● **What the task asks**
Please give back, exactly as written, the lines from the line with "Lampadine Led Miniglobo" to the line with "Petite Silver Rectangle Huggie Hoops" in the listing below, leaving out all pictures.

● **Data**
────────────────────────────────────────
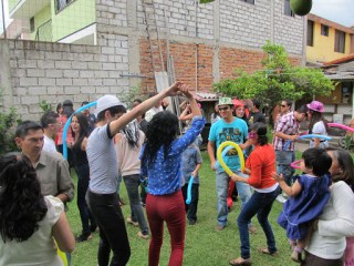 The party was in the yard behind my house, because it was my host family’s niece. Admittedly, it was a bit awkward for me at first when your conversations with people only go so far, due to my limited vocabulary… But Ecuadorian parties are a bit different than American ones in that, in addition to the cake and piñata, there’s a time called hora loca, or crazy hour!
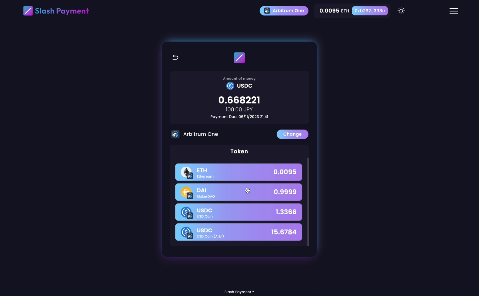 Slash PaymentのArbitrum対応により、Arbitrum上のさまざまなトークンでの決済が可能になりました。
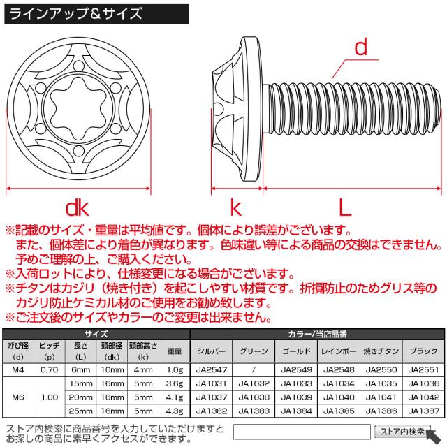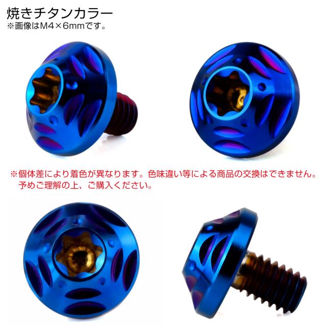 チタンボルト M4×6mm P0.7 ボタンボルト フランジ付き トルクス穴 焼きチタン JA2550
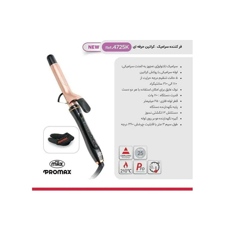 مدت زمان گرمشدن: ۳۰ ثانیه - سر عایق حرارت - قطر استوانه: ۲۵ میلیمتر - ۵ دمای قابل تنظیم از ۱۱۰تا ۲۱۰ درجهی سانتیگراد - دارای نشانگرهای دما - پایه فلزی با روکش نسوز - گیره نگهدارنده مو - کلیدهای تنظیم درجه حرارت - دستکش سه انگشتی نسوز
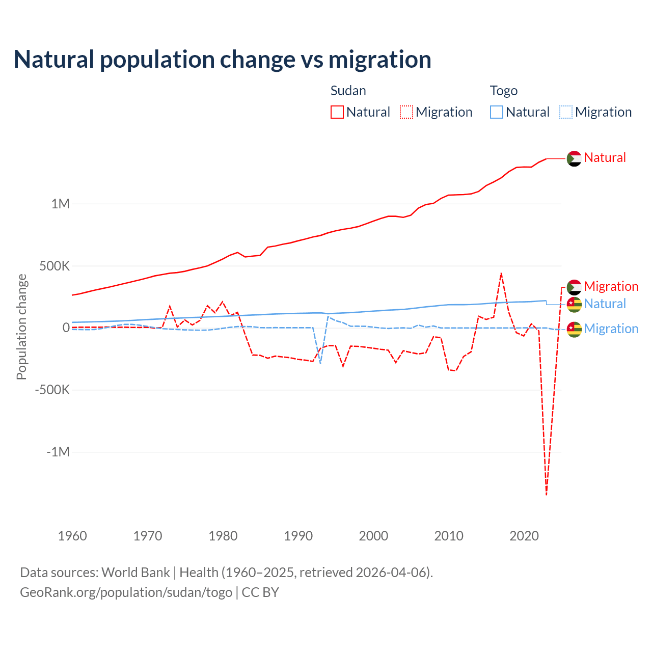 Over the last 10 years, 95.1% of the population change in Sudan is from natural causes (a gain of 12,459,977 people) and 4.88% is from migration (a loss of 639,596 people). In Togo 99.1% is from natural causes (a gain of 2,052,115 people) and 0.86% is from migration (a loss of 17,852 people).
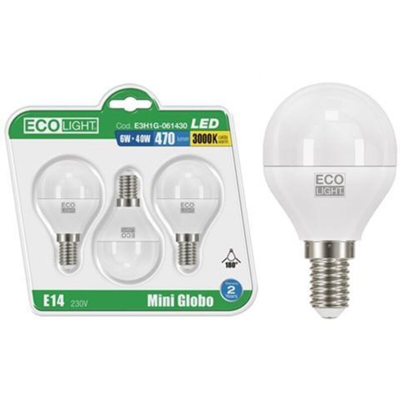 Lampadine Led Miniglobo Ecolight Conf. 3 pz. Tecnologia Led in classe A+. Consumi ridotti al 90%. Confezione 3 pezzi E14 - 8 Watt (60W) - 4000 K Luce Naturale - 806 Lumen
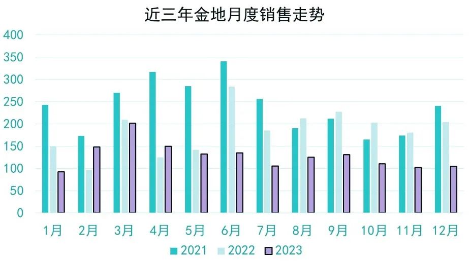 2023年對(duì)于房企來說,整體銷售均不及預(yù)期,金地的數(shù)據(jù)也為近三年低位,是2021年同期五成多一點(diǎn)。
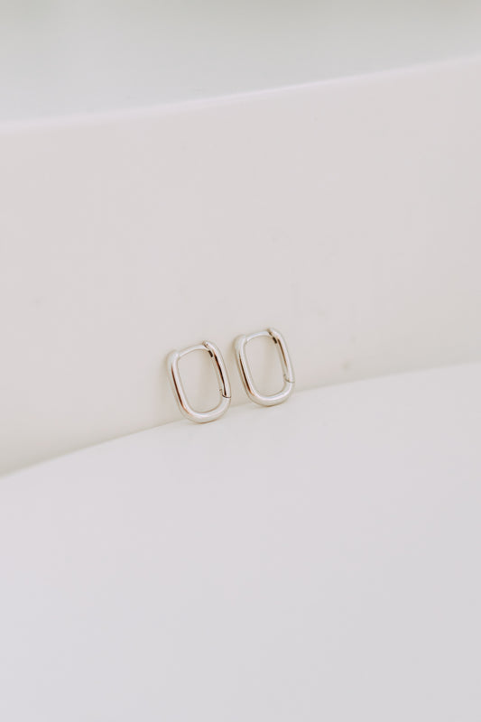 Petite Silver Rectangle Huggie Hoops
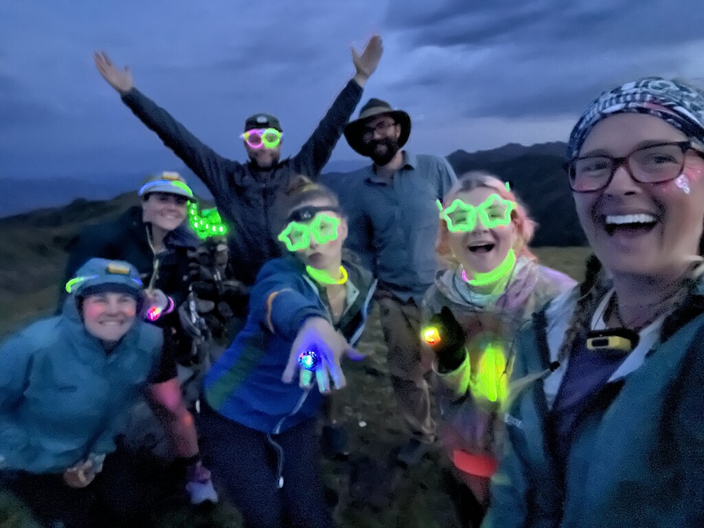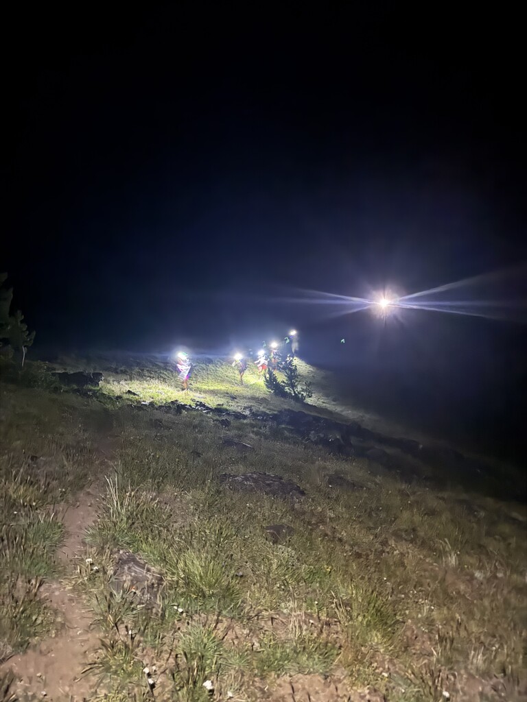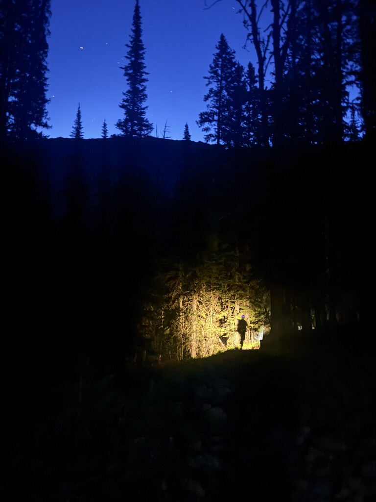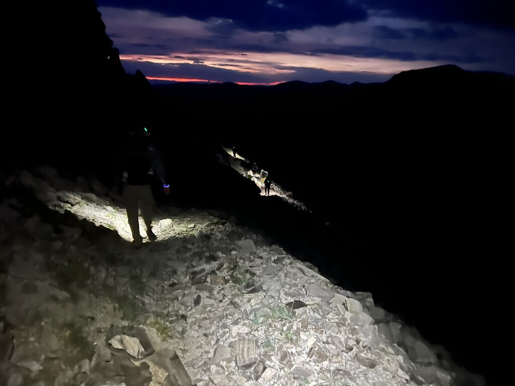 By 9:15pm we stopped to crack glow sticks & prep for night hiking. The trail turned from mostly dirt to mostly rock and navigating the talus fields in the dark was intimidating & exhausting but also exciting. At 2:40am we got to Hyalite Peak and began the slow decent navigating a couple more tricky snow crossings.
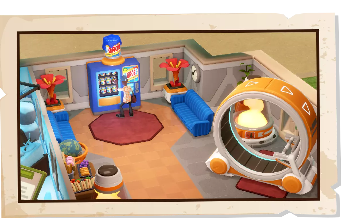在你的太空时代冒险中,你将在三个新的兴趣点收集六个新展品,解锁未来风格的好东西以及一套供员工使用的科幻小工具。不过要小心,别让游客有把猕猴桃鼻涕虫的果味质地和一包普通的杂七杂八的东西混在一起的想法……虽然味道不错,但它们可能会,嗯,让人产生幻觉(相信我们,我们测试过,当然是以科学的名义!绝对不是午餐。)
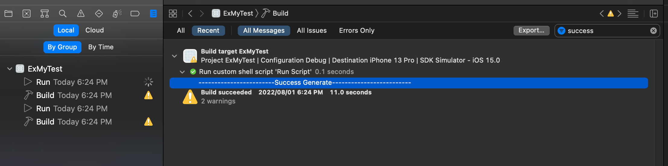 - Xcode의 네비게이션 탭에서 9번째를 클릭하고, success를 검색해보면 로그 확인이 가능
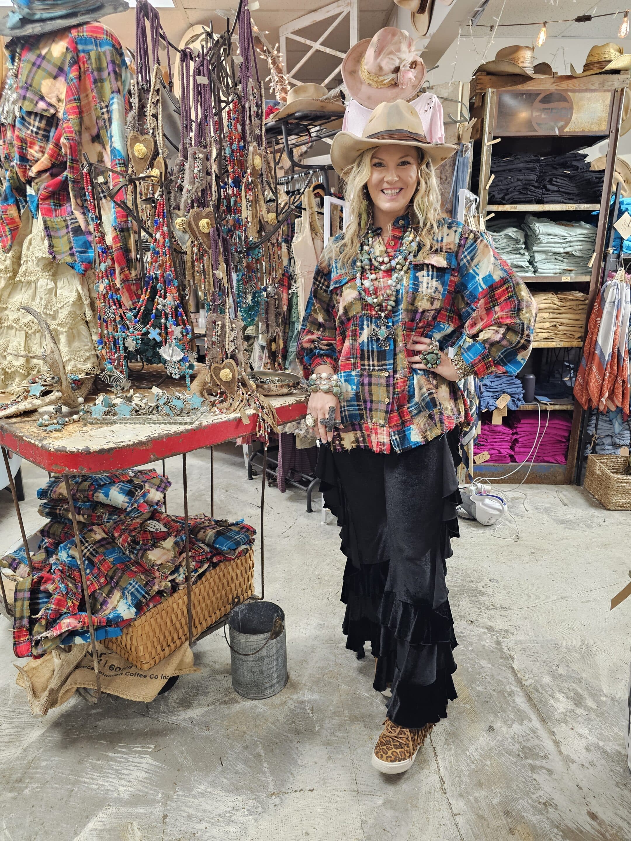 Flannel with a story! Rich shades of red are pieced together like a handmade quilt, each piece stitched together with a bold zig zag stitch. Intentionally mismatched, every section creates a striking patchwork design that feels vintage, lived in, and full of soul.
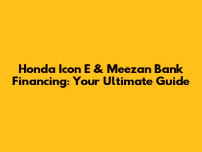 Alright, now that you're excited about the Honda Icon E, let's talk about how to actually get one. This is where Meezan Bank financing comes into play. Meezan Bank is a leading Islamic bank in Pakistan, offering Sharia-compliant financing options. This means their financing products adhere to Islamic principles, avoiding interest-based transactions. If you're looking for a halal way to finance your Honda Icon E, Meezan Bank is a great option. They have established a reputation for providing transparent and ethical financial services. Their financing options are designed to be accessible and cater to a wide range of customers. Meezan Bank's commitment to Islamic banking principles provides customers with a trusted and reliable financial partner. The bank offers a variety of financing products to help you buy your dream Honda Icon E. Now, let's explore how Meezan Bank can help you acquire your own Honda Icon E.
────────────────────────────────────────
● **Your solution**
 Lampadine Led Miniglobo Ecolight Conf. 3 pz. Tecnologia Led in classe A+. Consumi ridotti al 90%. Confezione 3 pezzi E14 - 8 Watt (60W) - 4000 K Luce Naturale - 806 Lumen
 2023年對(duì)于房企來說,整體銷售均不及預(yù)期,金地的數(shù)據(jù)也為近三年低位,是2021年同期五成多一點(diǎn)。
 Petite Silver Rectangle Huggie Hoops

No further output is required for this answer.